At 4:37 PM +0100 7/25/05, has wrote:

Michael Sullivan wrote:

>>>It's a bug, file a report. The first concatenation returns the right-hand
>
This isn't a bug, it's a feature :)

No, you've misread the problem. This has nothing to do with set vs copy. It's about the concatenation operator not returning a new object in certain situations. Example:

>set l to {1}
set a to l & {}
>set b to {} & l
set c to {0} & l

>set l's item 1 to 2
log a --> {1}
>log b --> {2} -- Wrong! Should be {1}
log c --> {0, 1}

I vote "bug". Category: "big"

No, it isn't. Per AppleScript Language Guide, p. 160:

 If you use the Set command to set a variable to a list, record, or
 script object, the  variable shares data with the original list,
 record, or script object. If you change the data of the original, the
 value of the variable also changes.

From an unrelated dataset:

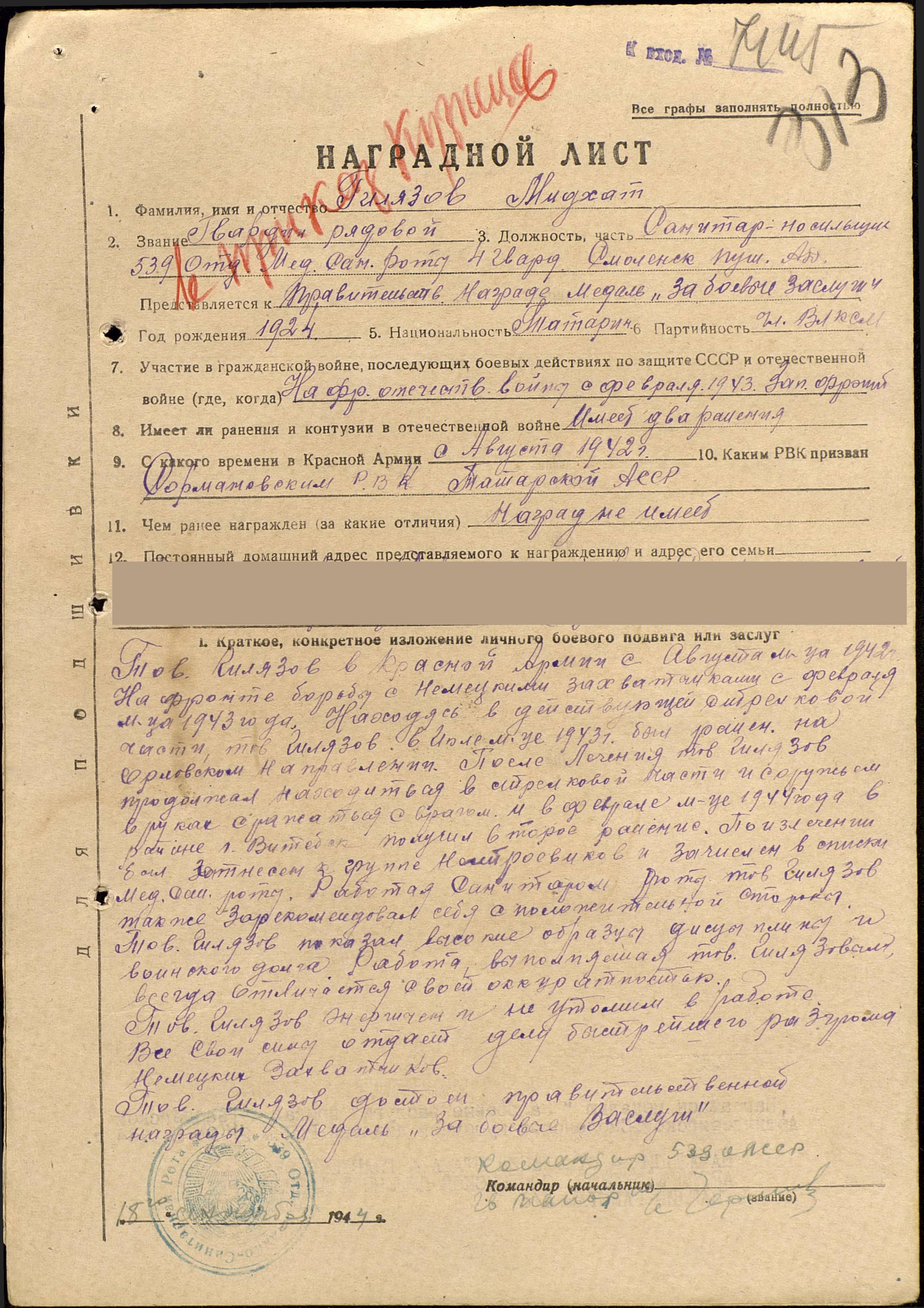 I дәрәҗә Бөек Ватан сугышы, Хезмәт Кызыл Байрагы орденнары һәм 3 сугышчан медаль белән бүләкләнә.

Here's an  example of how this
 works:

 set myList to { 1, 2, 3 }
 set yourList to myList
 set item 1 of myList to 4

 The result of these statements is that item 1 of both myList and
 yourList is 4.

 Data sharing promotes efficiency when using large data structures.
 Rather than  making copies of shared data, the same data can belong
 to multiple structures.

In other words, "set" uses _reference(s)_ to the "rvalue(s)", by design rather than chance, in the interest of "efficiency."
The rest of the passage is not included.